### [Exercise instructions]
Each line below must be transcribed exactly, and no picture may appear in the transcription.
***** Data extract *****
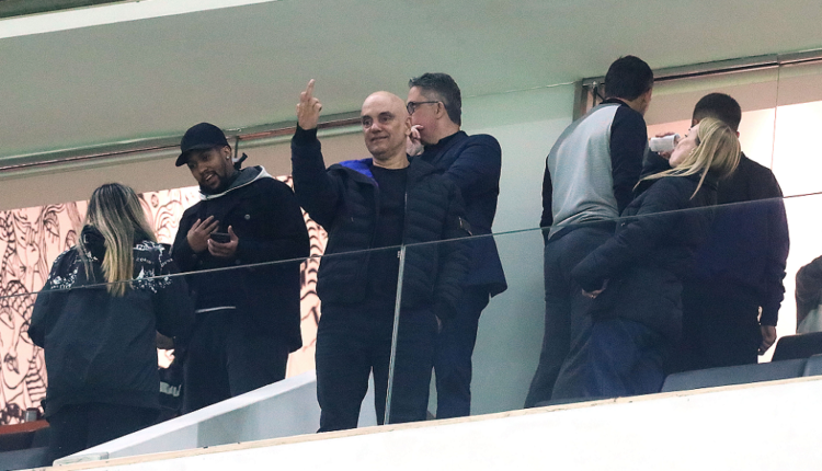 No mesmo dia em que foi incluído na lista de sanções do governo dos Estados Unidos, o ministro do Supremo Tribunal Federal, Alexandre de Moraes, esteve na Arena Corinthians, em São Paulo, para acompanhar o confronto entre Corinthians e Palmeiras pelas oitavas de final da Copa do Brasil.
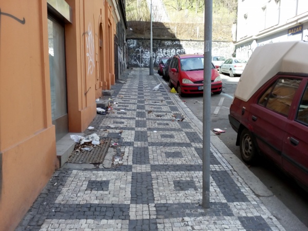 Dnes 13h. Rozbitý a přeplněný kontejner na papír Jeronýmova, Husitská, chodníky plné papírů z kontejneru. Kontejner má utržené víko.
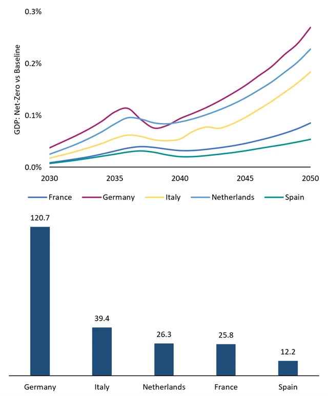 Zatímco v prvních letech (2030–2040) dojde pouze k mírnému nárůstu hrubé přidané hodnoty v odvětví nemovitostí, který bude o 5 % vyšší než v pravděpodobném scénáři, od roku 2040 se situace výrazně změní, protože poklesnou provozní náklady, vzroste poptávka a zlepší se energetická účinnost. Mezi lety 2041 a 2050 by hrubá přidaná hodnota v odvětví nemovitostí měla překročit základní scénář o 20–30 %, zejména ve Španělsku a Nizozemsku. Celkově by toto odvětví mohlo do roku 2050 vytvořit téměř 1 bilion eur dodatečné hodnoty pouze v Německu.
*****
### [Exercise solution]
 No mesmo dia em que foi incluído na lista de sanções do governo dos Estados Unidos, o ministro do Supremo Tribunal Federal, Alexandre de Moraes, esteve na Arena Corinthians, em São Paulo, para acompanhar o confronto entre Corinthians e Palmeiras pelas oitavas de final da Copa do Brasil.
 Dnes 13h. Rozbitý a přeplněný kontejner na papír Jeronýmova, Husitská, chodníky plné papírů z kontejneru. Kontejner má utržené víko.
 Zatímco v prvních letech (2030–2040) dojde pouze k mírnému nárůstu hrubé přidané hodnoty v odvětví nemovitostí, který bude o 5 % vyšší než v pravděpodobném scénáři, od roku 2040 se situace výrazně změní, protože poklesnou provozní náklady, vzroste poptávka a zlepší se energetická účinnost. Mezi lety 2041 a 2050 by hrubá přidaná hodnota v odvětví nemovitostí měla překročit základní scénář o 20–30 %, zejména ve Španělsku a Nizozemsku. Celkově by toto odvětví mohlo do roku 2050 vytvořit téměř 1 bilion eur dodatečné hodnoty pouze v Německu.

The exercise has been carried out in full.